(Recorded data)
★ ★ ★
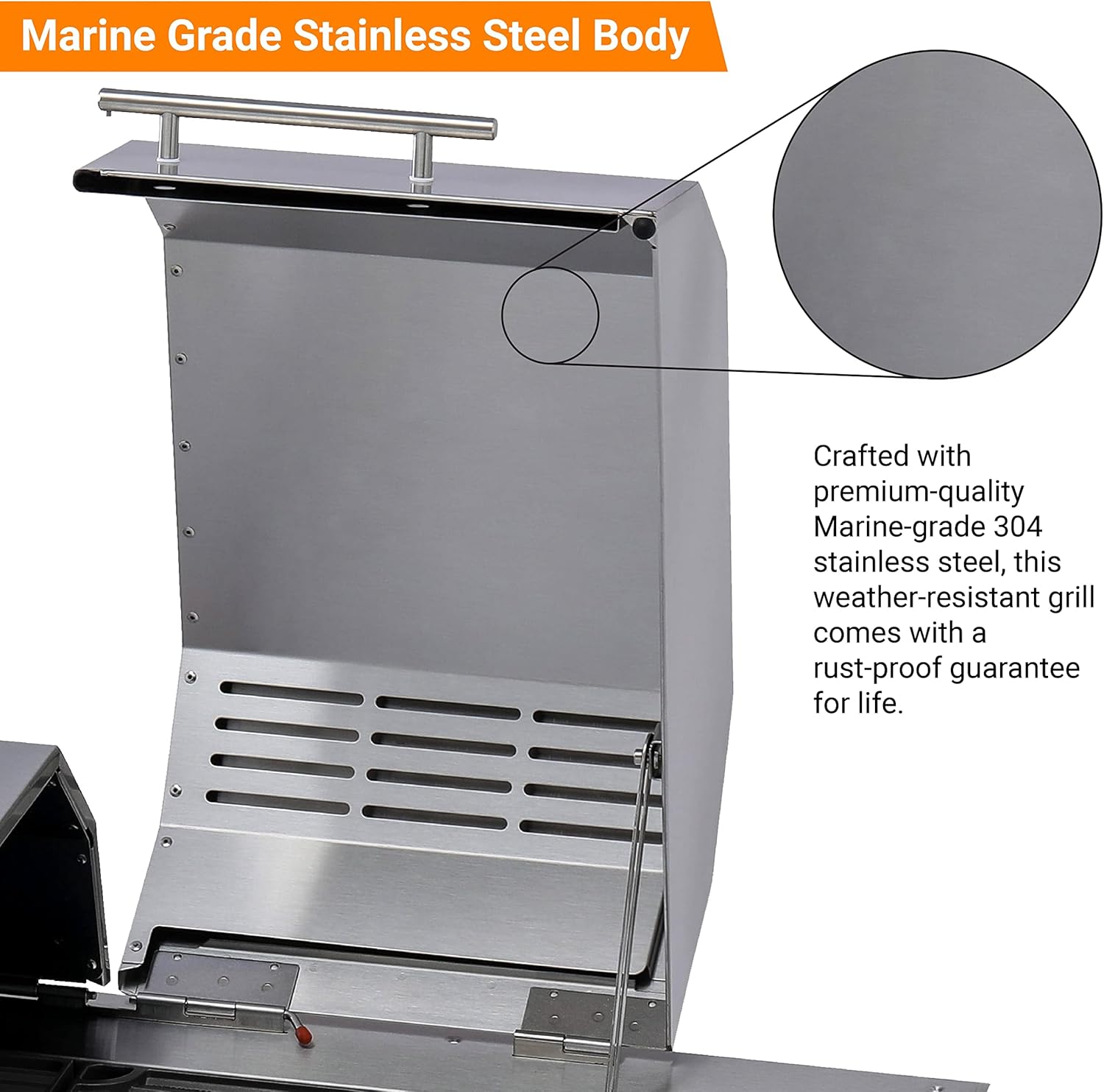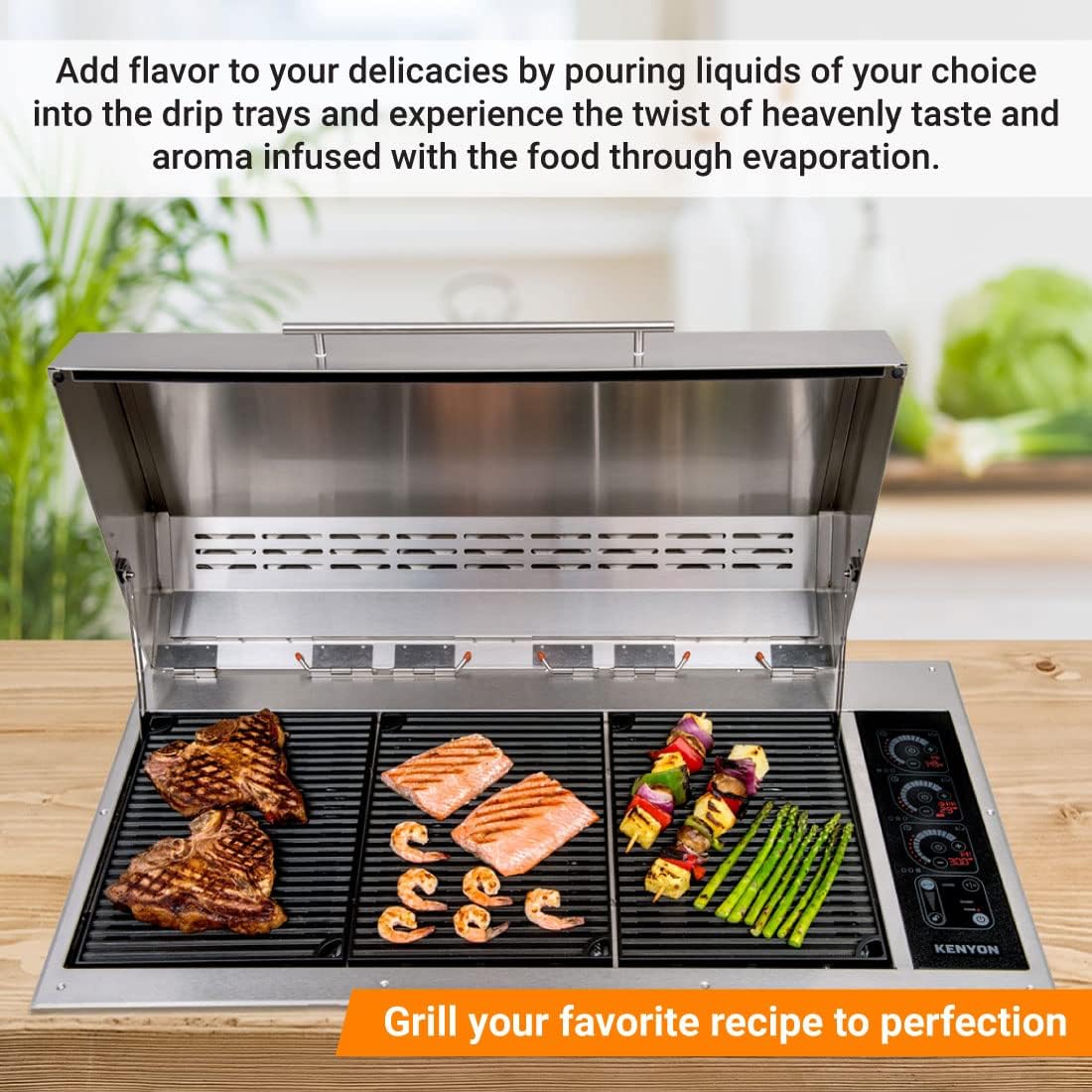 Stainless Steel Grill: This electric power grill is developed with premium-quality marine-grade stainless steel. It is weather-resistant and comes with a lifetime rust-proof guarantee. Upgraded coated drip trays are placed below the elements to trap drippings.
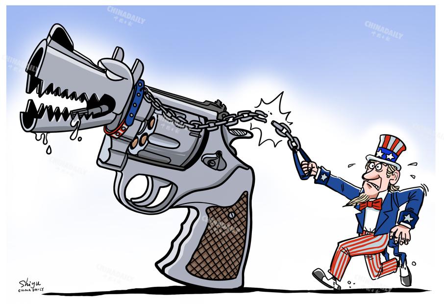 美國槍支如同“惡犬”,脫離掌控害人害己。(作者:中國日報(bào) 石宇)
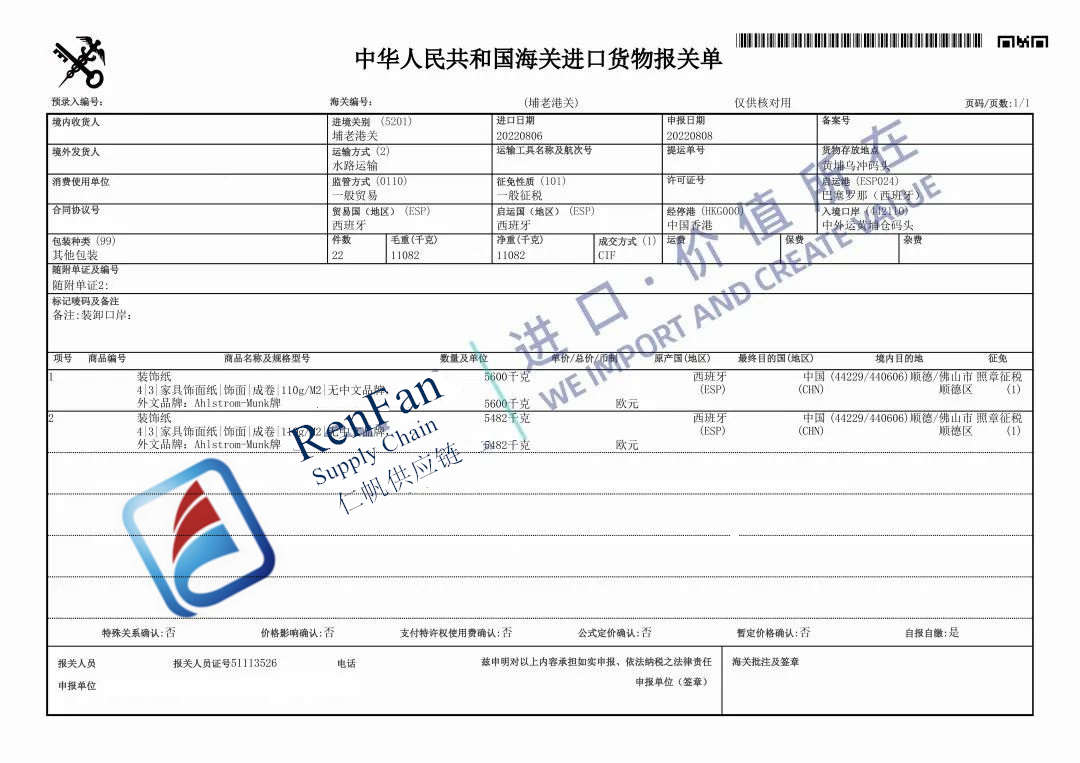 Decorative paper is one of the important building materials. It is widely used on furniture, cabinet, fire-proof plate and floor with nice decorative function. RenFan’s Guangzhou Customs Declaration Agency team recently helped clear a shipment with decorative paper from Spain. Totally 11082 kg decorative paper was involved. The customs declaration was initiated two days after the shipment arrived at Guangzhou Huangpu port and was completed on the same day of the declaration. As pictured you can see the China customs declaration sheet.
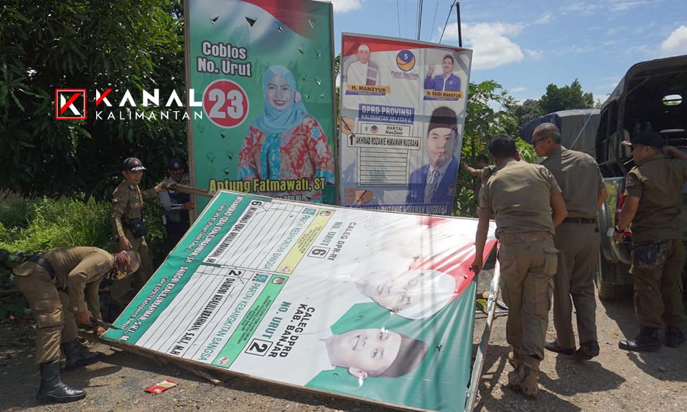 MARTAPURA, Atas dasar pertimbangkan keselamatan Bawaslu Banjar dengan dibantu Satpol PP Banjar, tidak menurunkan Alat Peraga Kampanye (APK) caleg yang terpampang di papan-papan besar berbayar di sepanjang jalan A Yani Kabupaten Banjar.
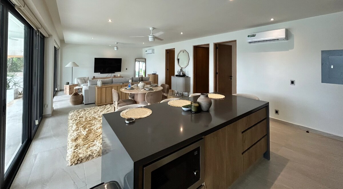 Cənnətin bir parçasından zövq alın: 120m2 məxfilik və gözəl ayrıca hovuzu olan istirahət (yalnız sizin üçün). Playacar Fase 1-in lüks iqamətgahının daxilində, Karib çimərliyindən 1 dəqiqəlik məsafədə müasir, geniş və yararlı tam mənzil. *Kral ölçülü çarpayı *Wi-fi (işləmək üçün yaxşı sürət) *Tam Mətbəx * Məşhur 5-ci prospektdən piyada 10 dəq məsafədə * Çimərlikdən 1 dəq məsafədə *Mühafizəçi 24/24
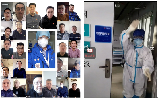 视频会议中,全体同志共同观看了震撼人心的辽宁支援武汉雷神山医疗队视频宣传片——“雷厉风行,使命如山”,感受到了医疗队全体成员抗击疫情的信心和决心。随后连线邀请即将胜利返连的黄伟医生为全体参会人员直播了武汉雷神山医院的工作实景。连线期间,全体同志共同见证了一名白衣天使自清洁区走进隔离区大门的瞬间。医护人员向同志们挥手告别,护目镜下是她坚定和勇敢的眼神。黄伟医生表示,辽宁医疗队中他所负责的病区,抵达雷神山医院当天就接到了满员接收38名患者的艰巨任务,但是作为医务工作者他们责无旁贷,有党中央的坚强领导和人民群众作为坚实后盾,他们定会全力以赴、不负众托,做好人民群众生命安全的坚定守护者。
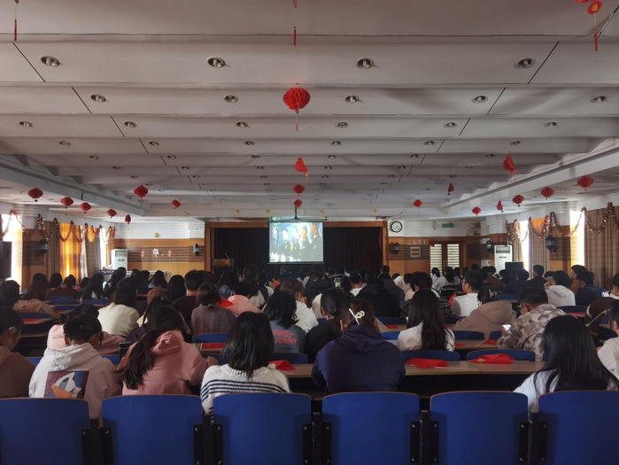 10月21日,太阳成tyc122cc集团员工第二党支部全体党员和2023级新生在赭麓校区7楼报告厅观看红色电影《建国大业》,同学们重温了我国从抗战胜利到新中国成立期间一系列波澜壮阔的历史事件。电影结束后,与会人员学习了党的二十大报告的部分内容。
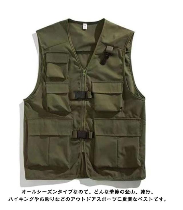 | シンプルなデザインで、丈夫と機能性に両立でき、またかっこ良さもいい、夏にはポロシャツの上に着るのは最適です。 通気性、速乾、防風性、着用も便利です。 登山、ランニング、キャンプ、サイクリング、ゴルフなど幅広い野外活動にお勧め。 オールシーズンタイプなので、どんな季節の登山、旅行、ハイキングやお釣りなどのアウトドアスポーツに重宝なベストです。 ゆったりとしたシルエットと個性的なマルチポケットがあり大人気! | |
★ ★ ★
WHAT IS REQUIRED
Omit every picture, and please return the entries exactly from the first line through the line with "Cənnətin bir parçasından", both included.

WRITTEN SOLUTION
 Stainless Steel Grill: This electric power grill is developed with premium-quality marine-grade stainless steel. It is weather-resistant and comes with a lifetime rust-proof guarantee. Upgraded coated drip trays are placed below the elements to trap drippings.
 美國槍支如同“惡犬”,脫離掌控害人害己。(作者:中國日報(bào) 石宇)
 Decorative paper is one of the important building materials. It is widely used on furniture, cabinet, fire-proof plate and floor with nice decorative function. RenFan’s Guangzhou Customs Declaration Agency team recently helped clear a shipment with decorative paper from Spain. Totally 11082 kg decorative paper was involved. The customs declaration was initiated two days after the shipment arrived at Guangzhou Huangpu port and was completed on the same day of the declaration. As pictured you can see the China customs declaration sheet.
 MARTAPURA, Atas dasar pertimbangkan keselamatan Bawaslu Banjar dengan dibantu Satpol PP Banjar, tidak menurunkan Alat Peraga Kampanye (APK) caleg yang terpampang di papan-papan besar berbayar di sepanjang jalan A Yani Kabupaten Banjar.
 Cənnətin bir parçasından zövq alın: 120m2 məxfilik və gözəl ayrıca hovuzu olan istirahət (yalnız sizin üçün). Playacar Fase 1-in lüks iqamətgahının daxilində, Karib çimərliyindən 1 dəqiqəlik məsafədə müasir, geniş və yararlı tam mənzil. *Kral ölçülü çarpayı *Wi-fi (işləmək üçün yaxşı sürət) *Tam Mətbəx * Məşhur 5-ci prospektdən piyada 10 dəq məsafədə * Çimərlikdən 1 dəq məsafədə *Mühafizəçi 24/24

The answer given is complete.